26. A method for monitoring a computer network, wherein said computer network is of the type comprising at least one electronic device operatively associated between a first computer and a second computer, said method comprising:
establishing a first preselected data transfer time between said first computer and said at least one electronic device;
establishing a second preselected data transfer time between said at least one electronic device and said second computer;
executing a trace route routine to measure a first actual data transfer time between said first computer and said at least one electronic device;
executing a trace route routine to measure a second actual data transfer time between said at least one electronic device and said second computer;
comparing said first preselected data transfer time to said first actual data transfer time;
comparing said second preselected data transfer time to said second actual data transfer time; and
providing an indication if either said first actual data transfer time is greater than said first preselected data transfer time or if said second actual data transfer time is greater than said second preselected data transfer time.
27. A computer network monitoring device comprising:
measuring means for measuring the data response time between a first computer and at least one electronic device;
comparing means for comparing the measured data response time between said first computer and said at least one electronic device to a preselected data response time; and
indicating means for providing an indication if said measured data response time is greater than said preselected data response time.
Description
TECHNICAL FIELD OF THE INVENTION

[0001] The present invention relates to monitoring a computer network and, more particularly, to notifying a network administrator of increased latency problems within the network.

BACKGROUND OF THE INVENTION

[0002] A computer network links several computers together, which provides for data transfer and thus, communications, between the several computers. The computers within a network are often linked together via a plurality of devices including repeaters, switches, and routers. These devices serve to route data between selected computers within the network. For example, a data packet may originate at a first computer and may be intended to be transferred to a second computer. The devices within the network communicate with each other to establish a path for the transfer of data between the first computer and the second computer. The devices within a network that communicate with each other are sometimes referred to as network nodes or simply nodes.

[0003] A single network typically has a plurality of nodes that serve to increase the quantity of data that is able to be transferred within the network. The plurality of nodes within the network also enables the size of the network to be increased by linking several computers to a single node and providing for node to node data transfers. For example, several computers may be linked to a router and several routers may be linked together. Thus, data may originate at a first computer and transfer through a plurality of routers and other nodes before it is ultimately transferred to a second computer. The time required for data to transfer from one node to another node within the network is sometimes referred to as the latency.

[0004] At least one server is often located within the network. One example of a server is a computer that stores data and runs applications that are common to other computers within the network. For example, a mail server may be a component of the network and may store electronic mail messages.
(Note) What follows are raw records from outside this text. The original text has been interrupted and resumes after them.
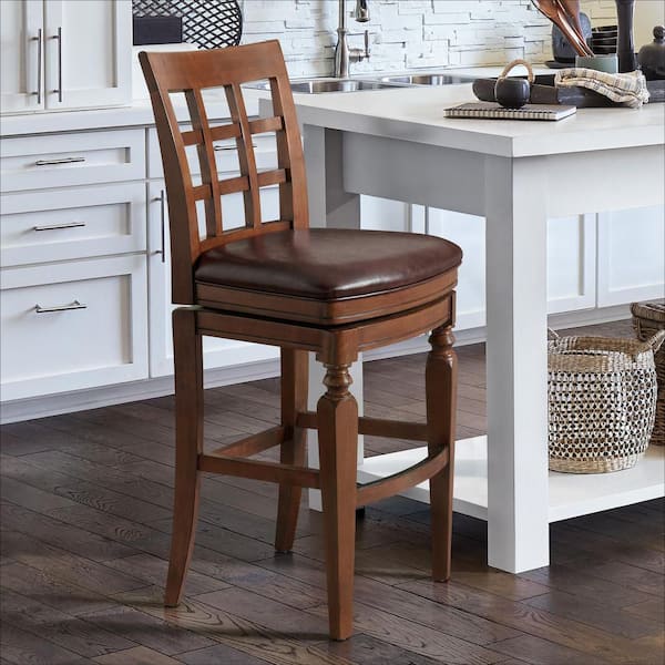 Napa 46 in. Mahogany Rubberwood Bar Height Stool with High Back and Cushioned Seat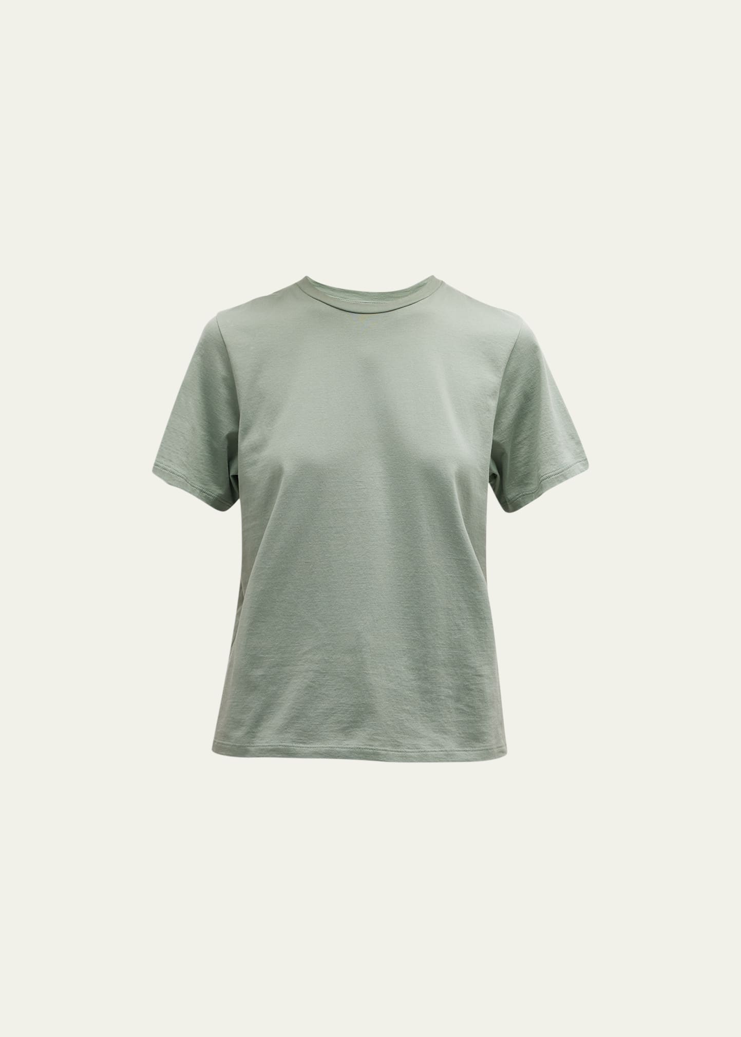 Theory tee double-needle topstitching along the sleeves and hem Crew neckline Short sleeves Relaxed fit Pullover style Pima cotton Made in Peru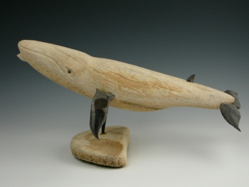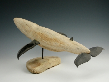 Humpback whales are part of the baleen whale family and second only in size to the blue whale. Instead of teeth, they use baleen strips to filter food. The body of the whale is whale bone and the fins are formed with pieces of baleen. Simply capturing the unique features of this whale, Miklahook brings the materials full circle as they re-form one of the animals from which they came.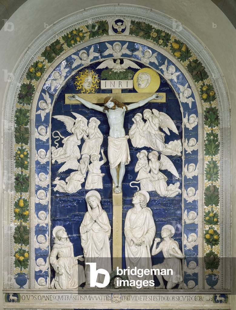 LRI4691081 The crucifixion with Saint Francois of Assisi, Saint John Evangelist and Saint Jerome Inscribed INRI (I.N.R.I.) on the cross. High relief ceramic by Andrea della Robbia (1435-1525) around 1481 Dim. 565x420 cm Santuario della Verna, Italy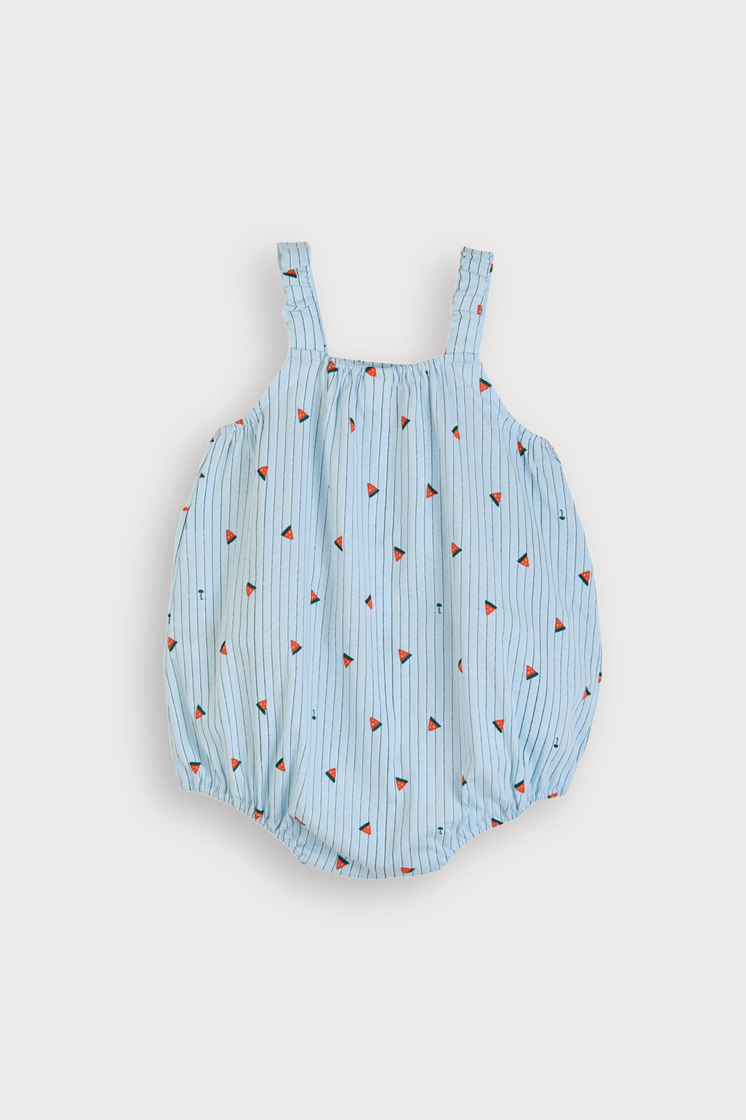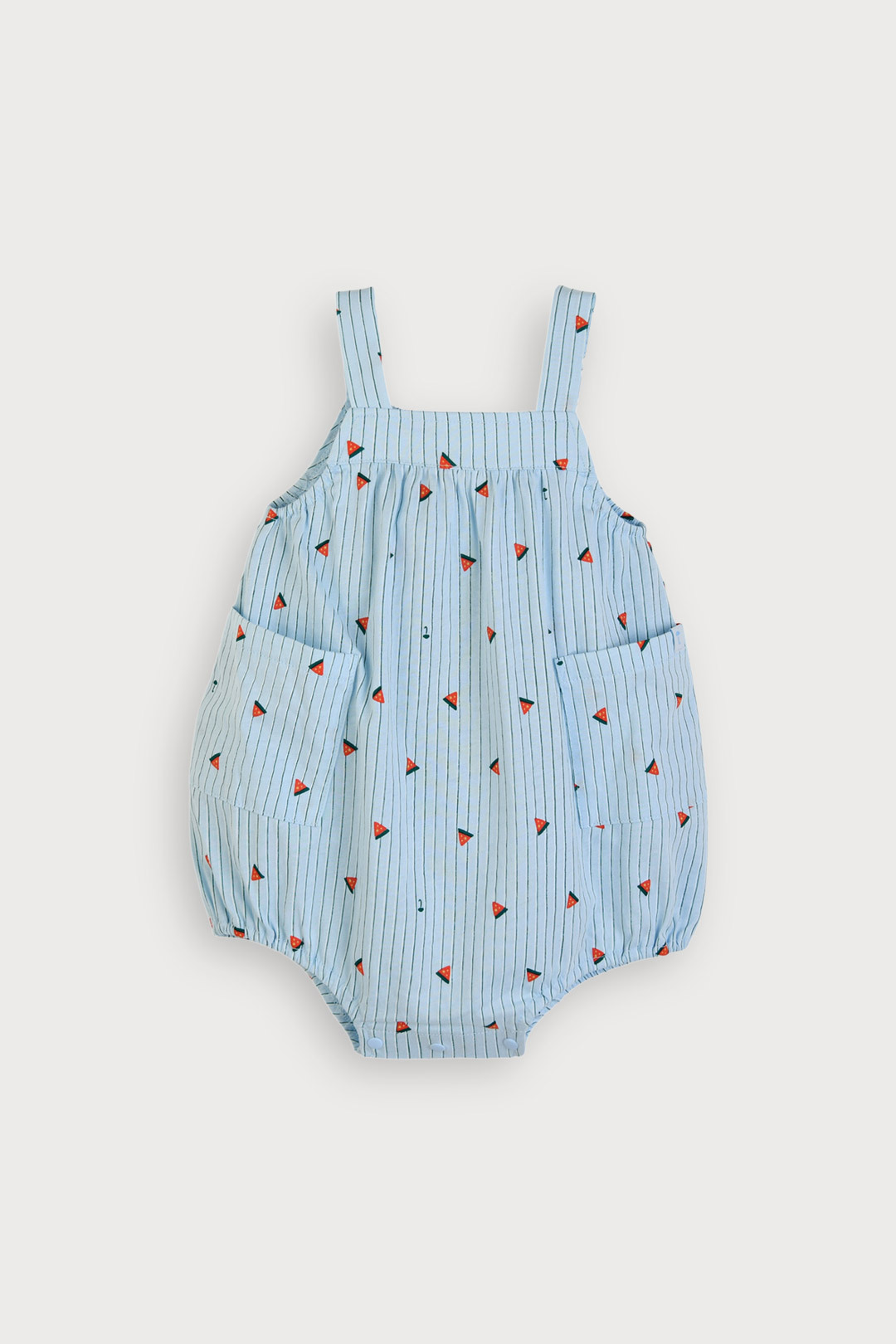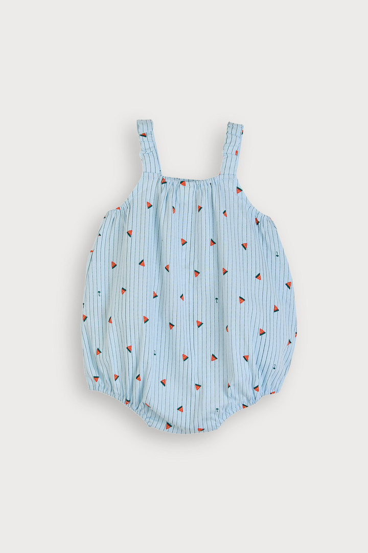 수박 모티브와 경쾌한 스트라이프 그래픽이 돋보이는 베이비 나시 오버올 우주복

The mail server operates by receiving and storing mail messages from a first computer that are intended for receipt by a second computer. The second computer may then retrieve the electronic messages from the mail server at a time when the second computer is not occupied with other tasks. The mail messages may, as an example, be transferred within the network as described above by way of the routers and other network components.

[0005] Many networks include an administrator computer (often referred to simply as an administrator) that directs the data transfers between the different computers within the network. For example, the administrator may program the nodes, such as the routers, to achieve the most efficient communications between the computers within the network. The administrator may also use various programs to monitor the amount of data being transferred on the different routers. The administrator may then reroute the data communications in a manner so as to alleviate overcrowding and, thus, reduce latency associated with a specific router.

[0006] One problem with networked computers is that excessive data transfers or the failure of a device, such as a router, increases the latency of the network. As the latency increases, the computers within the network become less efficient and the time required to transfer data on the network increases. This problem is exacerbated because the operator of the administrator computer generally has no way to determine that a problem exists with the network until the network users notify the operator of the administrator computer. By the time the operator of the administrator computer is notified of the problem, the data transfer rates of the network have typically slowed considerably, which substantially decreases the efficiency of the network.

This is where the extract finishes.